Если приговор будет произнесен, нам придется становиться англичанами или навеки уходить в подполье, чтобы вести партизанские войны.
За столом стояла напряженная тишина, наконец, поднялся рыцарь де Монморанси, который подошел к Жаку и, ничего не говоря, пожал его руку. Потом вслед за ним стали подниматься и другие. Все молча, тихо, обреченно.
Да и как же могло быть иначе? Жанна – свет, честь и достоинство Франции, должна была погибнуть от руки убийцы, но это было единственно верным решением.
– Постарайся сделать это не больно, – не вставая с места и не глядя в глаза брата, попросила Анна.
В пути
После приезда Жака жизнь Анны вдруг словно вырвалась из своей более или менее привычной колеи и понеслась с роковой скоростью. Уже через три дня по приезду брата Анна и сама была вынуждена сесть в тяжелую походную карету, застеленную для тепла шкурами зверей и шерстяными одеялами. Рядом с Анной Жак усадил взволнованную Брунисенту.
Жак и несколько верных ему рыцарей должны были проделать весь путь в седле. Они расположились по обеим сторонам от кареты, а также впереди и замыкая кавалькаду. Через крошечное окошечко, расположенное на дверце кареты, Анна наблюдала за тем, как замок, в котором она провела свое детство, исчезал за горизонтом. Карета скрипела и потрескивала, точно делилась какими-то понятными только ей воспоминаниями, без устали рассказывая старую-престарую повесть.
Весело щебетавшая о пустяках в самом начале путешествия Брунисента постепенно теряла свое хорошее настроение, видя, как все ее усилия хоть сколько-нибудь расшевелить Анну разбиваются, словно волны, пытающиеся штурмовать гранитный утес.

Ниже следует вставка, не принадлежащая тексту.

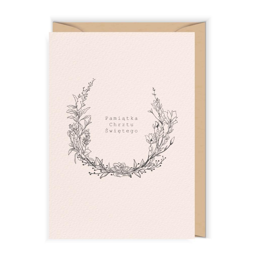 Otwierana kartka, pusta w środku, wykonana na papierze (z certyfikatem EFC) z wyraźnie widoczną fakturą. W zestawie ekologiczna koperta.

Вскоре Брунисента замолчала и уставилась в окно.
Анна старалась ни о чем не думать, ничего не чувствовать, ничего не воспринимать. Ее попытка приучить себя к восприятию боли провалилась. Теперь она знала наверняка, что смертельно боится костра. Тысячу раз она корила себя за малодушие и слабость, недостойные рыцарского звания, и тысячу же раз понимала, что на самом деле она всего лишь женщина. Маленькая, слабая и беззащитная женщина. Из плоти и крови, из сомнений, снов, суеверий и любви. Именно любви, которой она была пропитана насквозь, точно кусок сахара травяным чаем. Для которой была создана.
«Огонь, огонь, ты моя последняя любовь», – вспыхнуло в мозгу, и Анна непроизвольно вздрогнула. В этот момент открылась дверца в карете, и внутрь просунулась голова пажа Этьена Кастра.
– Я хотел бы узнать, не нужно ли чего прекрасным дамам? – он вежливо поклонился, перевешиваясь из седла, отчего его длинные светлые волосы затрепетали на ветру, точно пряди конопли, из которой крестьянки сучат нитки.
– Благодарим тебя, любезный паж, нам ничего не нужно, – весело помахала ему рукой Брунисента. – Скажи только, не известно ли тебе, где мы собираемся остановиться на ночлег, ты не запомнил название крепости?
– Сьер Жак говорил о крепости Амьен как о первой остановке, где мы проведем ночь, затем по старой дороге мы должны добраться до Абвиля. После чего пойдем по берегу до Дьепа, где можно будет остановиться и немного отдохнуть, далее Гавр, после чего переправимся через Сену и, если англичане снова перекрыли дорогу на Лаваль, остановимся в Алансоне, откуда и дадим знать о себе барону. От Лаваля, как известно, до крепости Тиффорг рукой подать.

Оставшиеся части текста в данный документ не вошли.